• _Information provided_
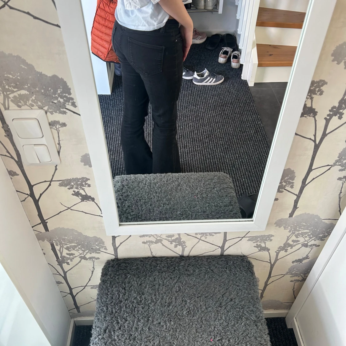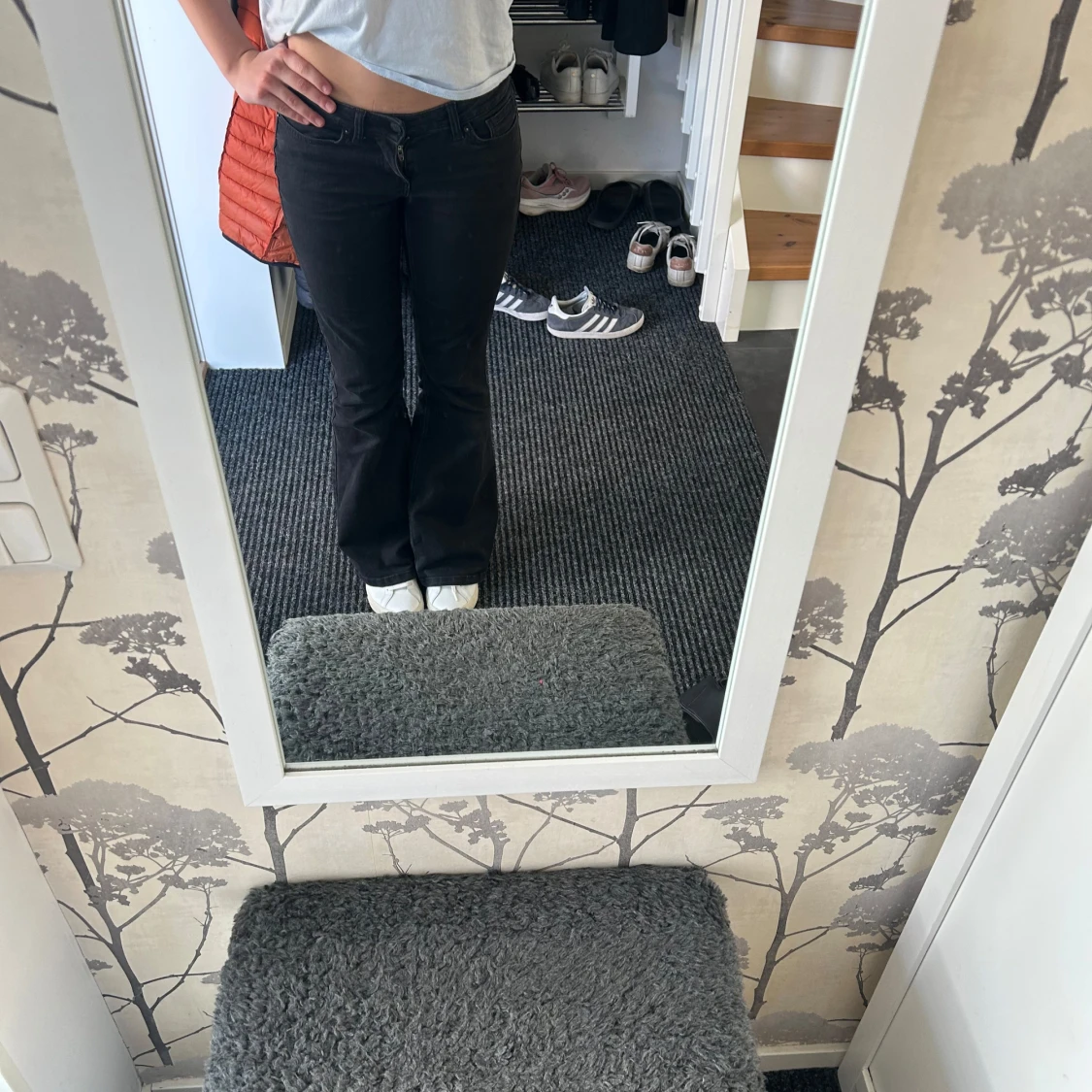 Jätte snygga svarta low waist flared jeans från Vero Moda. Lite urtvättade men överlag jätte fint skick🩷599 nypris. Bilder återpublicerade från när jag köpte dem på plick, de var tyvärr lite för små för mig men så fina annars!
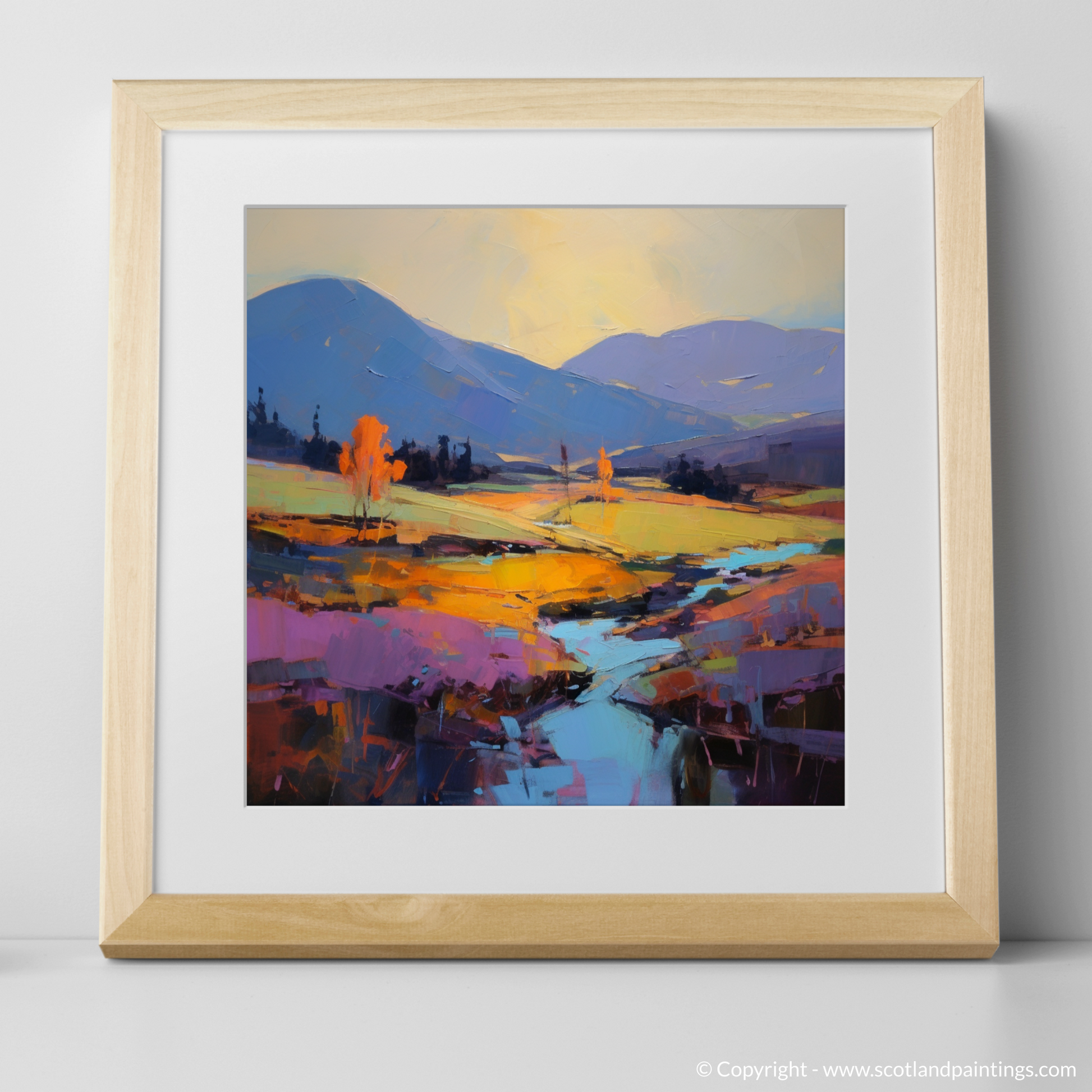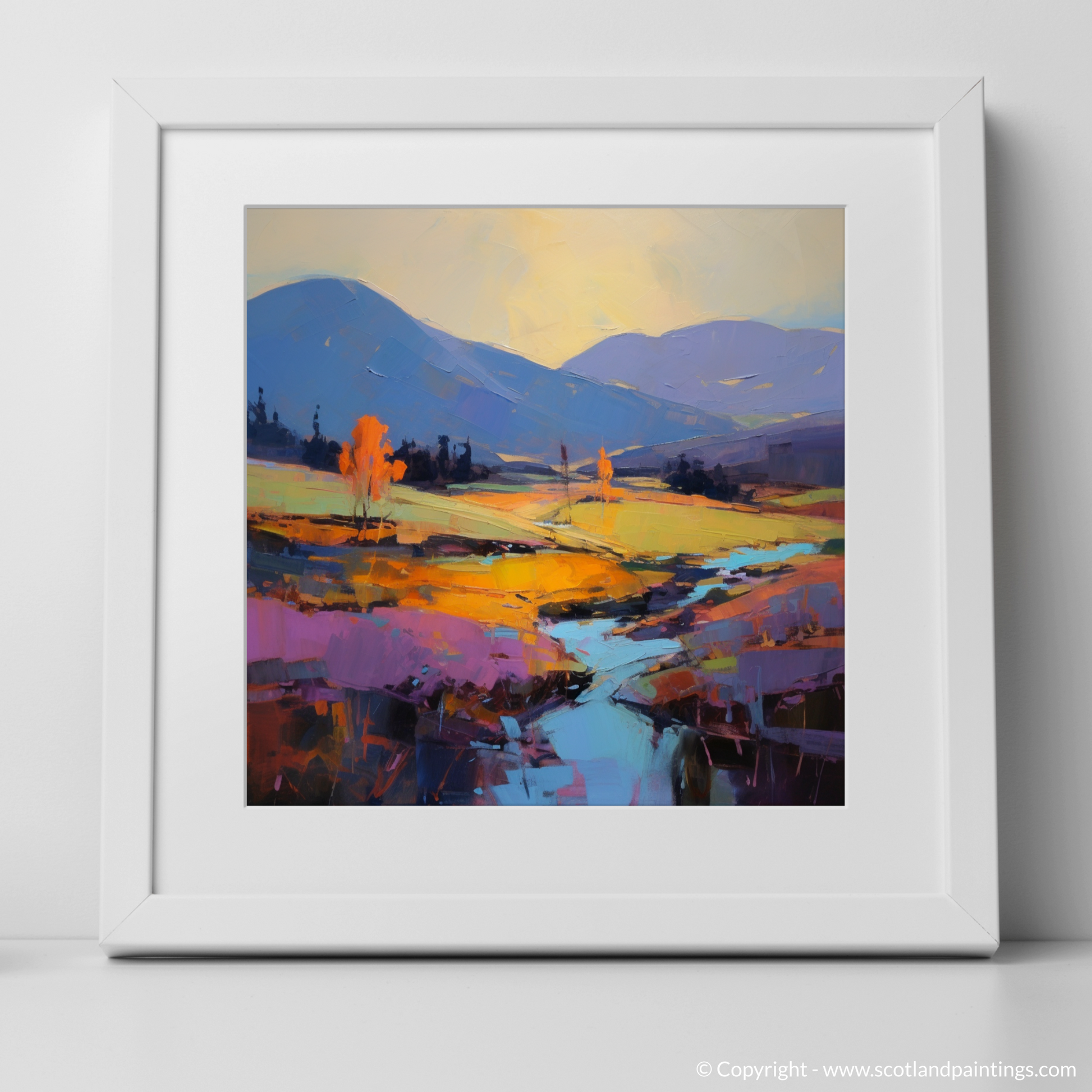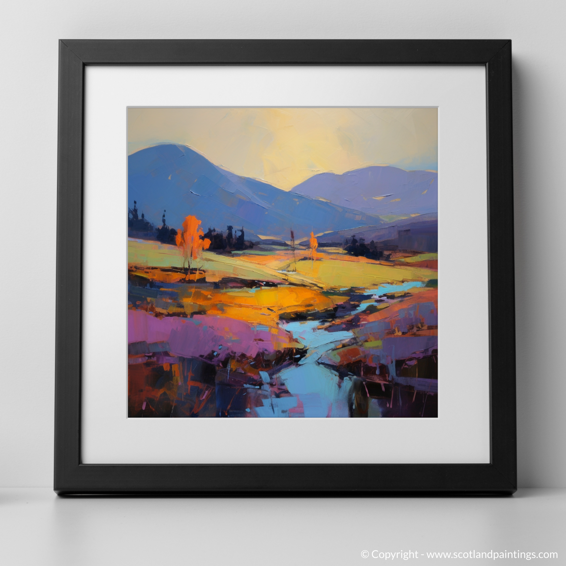 Contrasting the sweeping serenity of the highland terrain, bright oranges and yellows ignite the canvas, their intensity reminiscent of the last fiery rays of sunlight touching upon clusters of bog myrtle scattered across the fields. A ribbon of tranquil blue, the winding waterway cuts through the verdant valleys, reflecting the dynamic sky above and grounding the composition with a sense of fluidity.
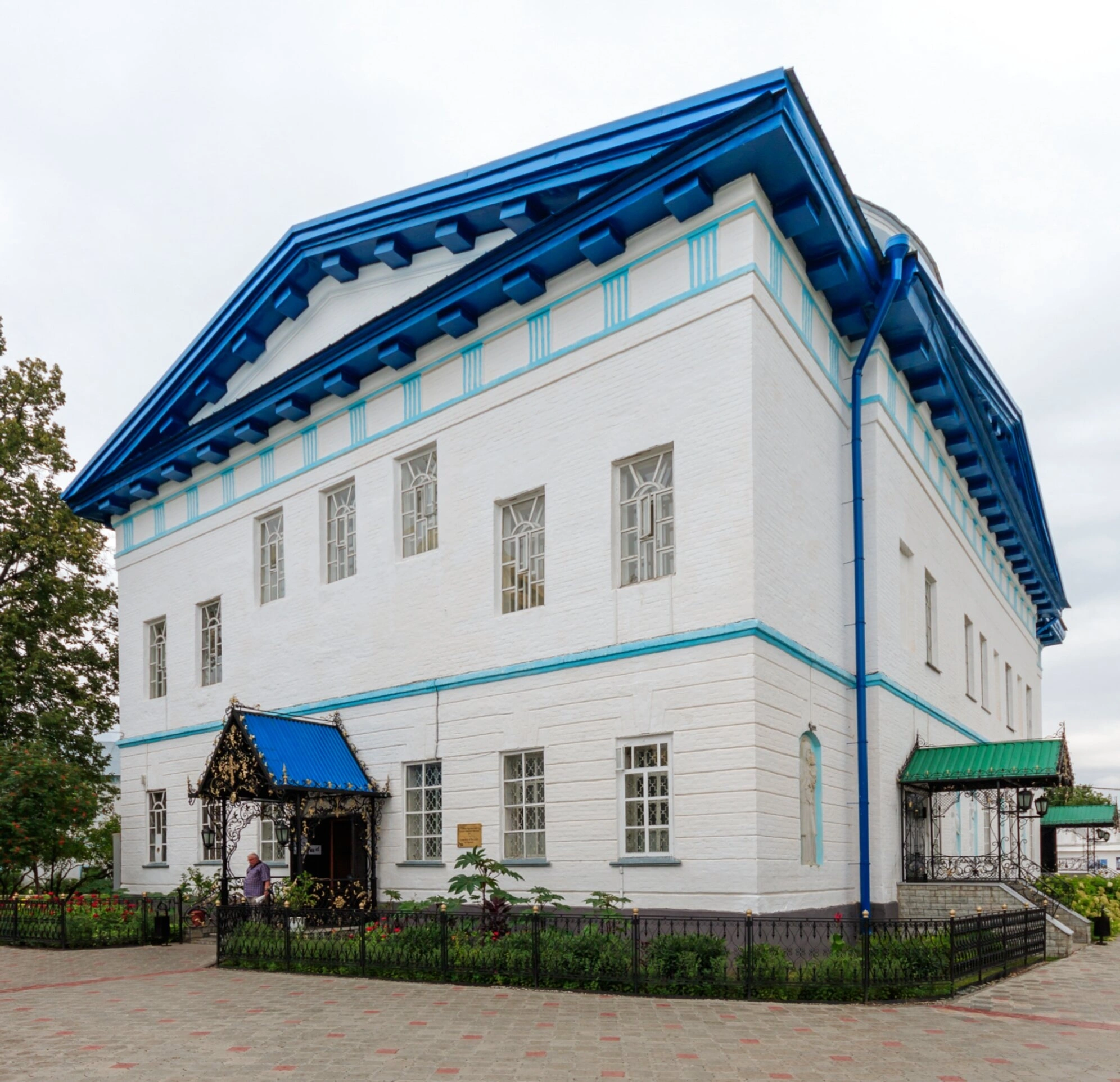Двухэтажное строение выкрашено в белый цвет, а его крыша и декоративные элементы выполнены в ярко-синей гамме. Под карнизом протянут фриз с вертикальными синими полосами. На обоих этажах ритмично расположены высокие арочные окна, характерные для русской монастырской архитектуры.
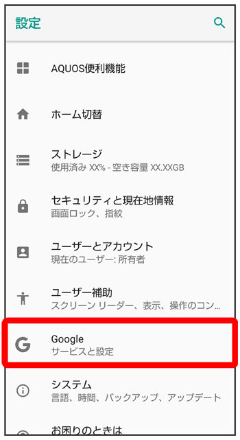 | Google アカウント | Google アカウントやログインとセキュリティなどについて設定します。 |

• _What needs to be done_
Exact transcription of the full listing above is required; images do not belong in it.

• _Result below_
 Jätte snygga svarta low waist flared jeans från Vero Moda. Lite urtvättade men överlag jätte fint skick🩷599 nypris. Bilder återpublicerade från när jag köpte dem på plick, de var tyvärr lite för små för mig men så fina annars!
 Contrasting the sweeping serenity of the highland terrain, bright oranges and yellows ignite the canvas, their intensity reminiscent of the last fiery rays of sunlight touching upon clusters of bog myrtle scattered across the fields. A ribbon of tranquil blue, the winding waterway cuts through the verdant valleys, reflecting the dynamic sky above and grounding the composition with a sense of fluidity.
Двухэтажное строение выкрашено в белый цвет, а его крыша и декоративные элементы выполнены в ярко-синей гамме. Под карнизом протянут фриз с вертикальными синими полосами. На обоих этажах ритмично расположены высокие арочные окна, характерные для русской монастырской архитектуры.
 | Google アカウント | Google アカウントやログインとセキュリティなどについて設定します。 |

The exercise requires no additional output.